* [Prompt]: Beginning with the line that holds "Measures to reduce", copy each line through the end of the material below, exactly and with no pictures.

....................

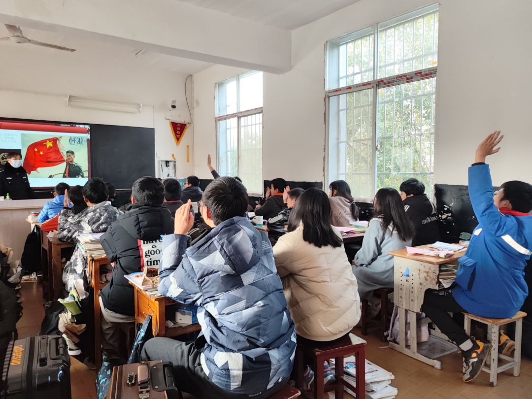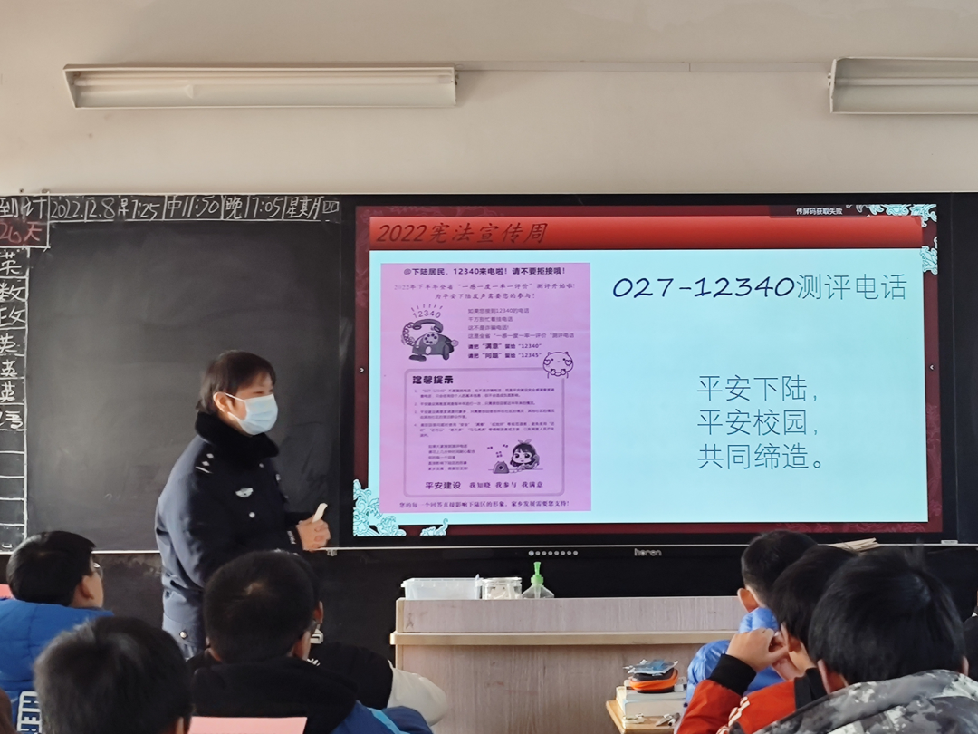 宣讲结束后,民警王建民又向师生们普及了“一感一度一率一评价”测评工作,如自己或家属收到“027-12340”的来电请耐心接听,用多一份包容、多一份理解的心态,参与到平安建设中来。
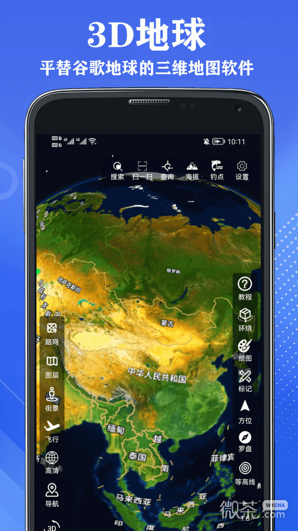 除了基本的地图浏览功能外,3D地球还提供了多种实用工具,如电子罗盘、海拔测量等,这些功能在户外活动中非常实用,极大地提升了用户体验。
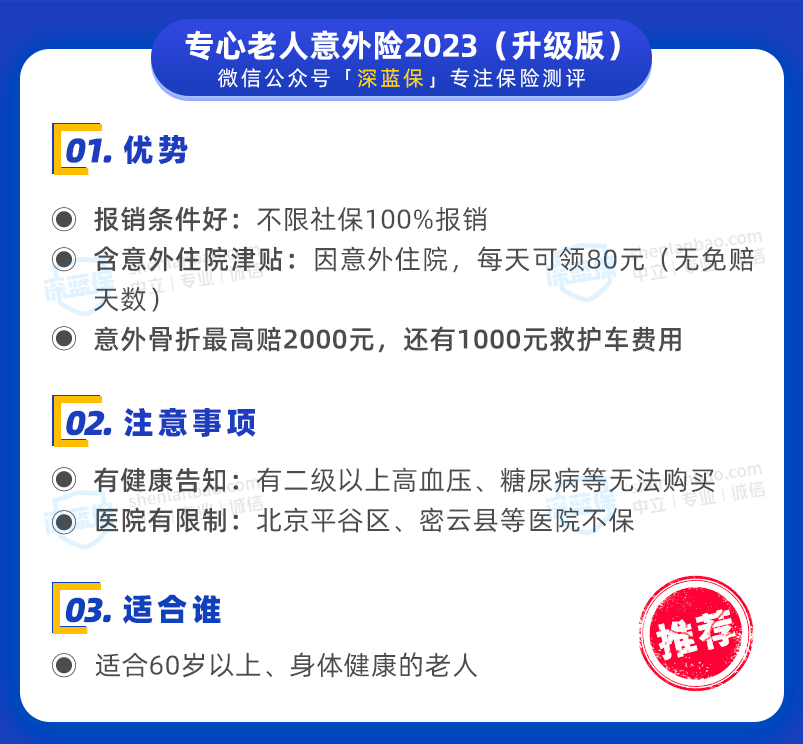 如果预算有限,也可以考虑天天保中老年意外险,70岁老人只需要138元,但它只能报销社保内的费用。
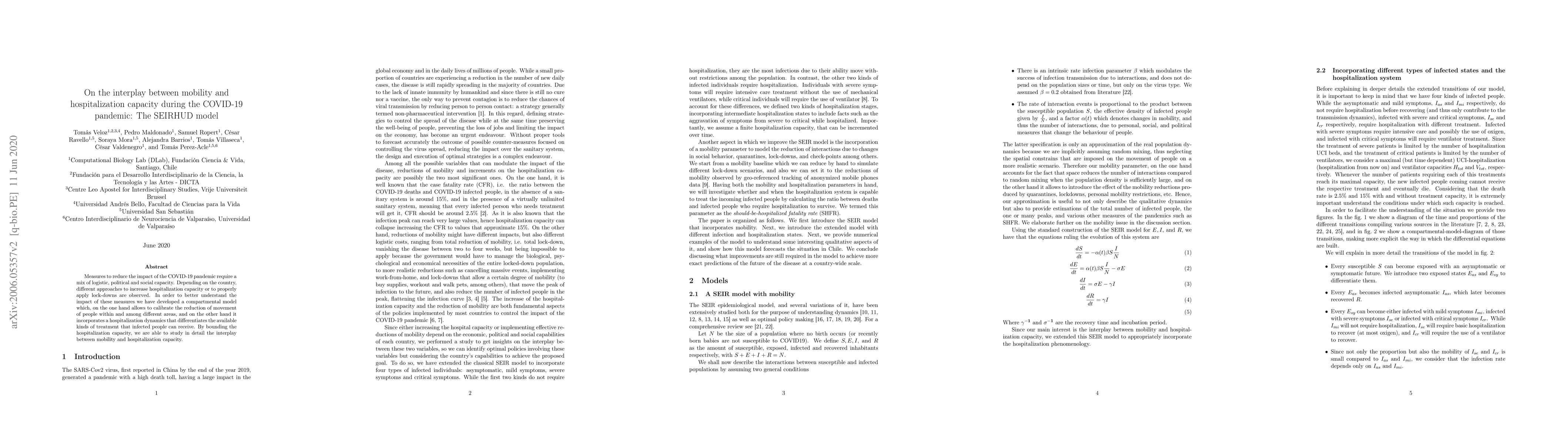 Measures to reduce the impact of the COVID-19 pandemic require a mix of logistic, political and social capacity. Depending on the country, different approaches to increase hospitalization capacity or to properly apply lock-downs are observed. In order to better understand the impact of these measures we have developed a compartmental model which, on the one hand allows to calibrate the reduction of movement of people within and among different areas, and on the other hand it incorporates a hospitalization dynamics that differentiates the available kinds of treatment that infected people can receive. By bounding the hospitalization capacity, we are able to study in detail the interplay between mobility and hospitalization capacity.
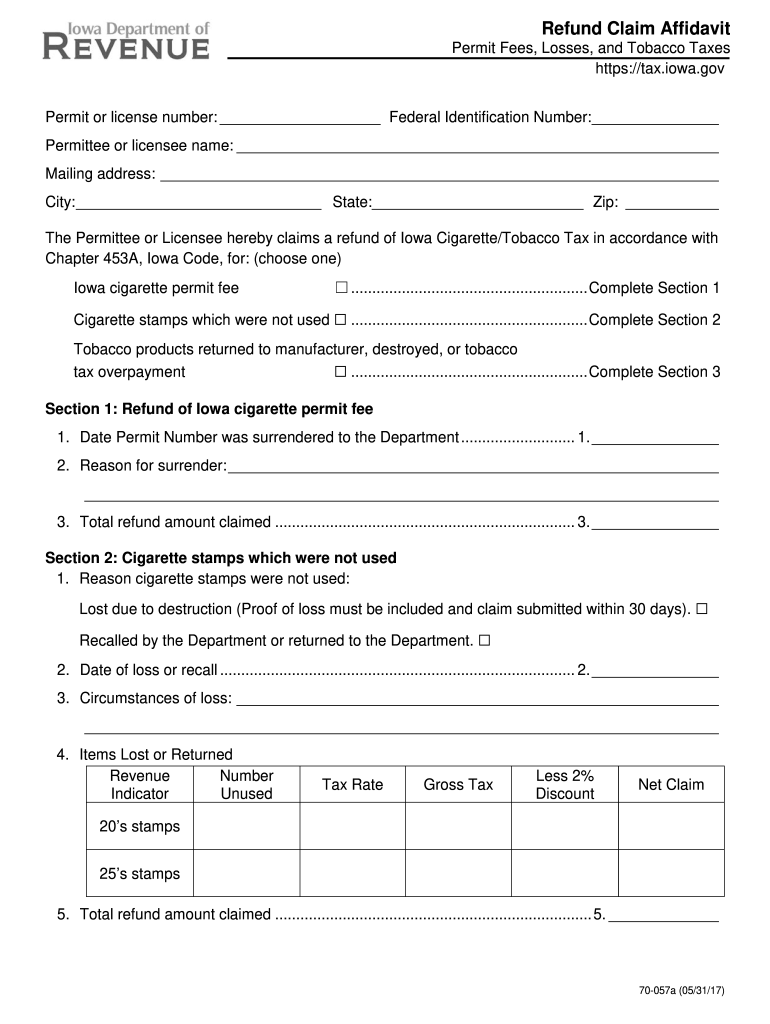 Refund Claim Affidavit Permit Fees, Losses, and Tobacco Taxes https://tax.iowa.gov Permit or license number: Federal Identification Number: Permitted or licensee name: Mailing address: City: State:

....................

* [Solution to this task]:
 Measures to reduce the impact of the COVID-19 pandemic require a mix of logistic, political and social capacity. Depending on the country, different approaches to increase hospitalization capacity or to properly apply lock-downs are observed. In order to better understand the impact of these measures we have developed a compartmental model which, on the one hand allows to calibrate the reduction of movement of people within and among different areas, and on the other hand it incorporates a hospitalization dynamics that differentiates the available kinds of treatment that infected people can receive. By bounding the hospitalization capacity, we are able to study in detail the interplay between mobility and hospitalization capacity.
 Refund Claim Affidavit Permit Fees, Losses, and Tobacco Taxes https://tax.iowa.gov Permit or license number: Federal Identification Number: Permitted or licensee name: Mailing address: City: State:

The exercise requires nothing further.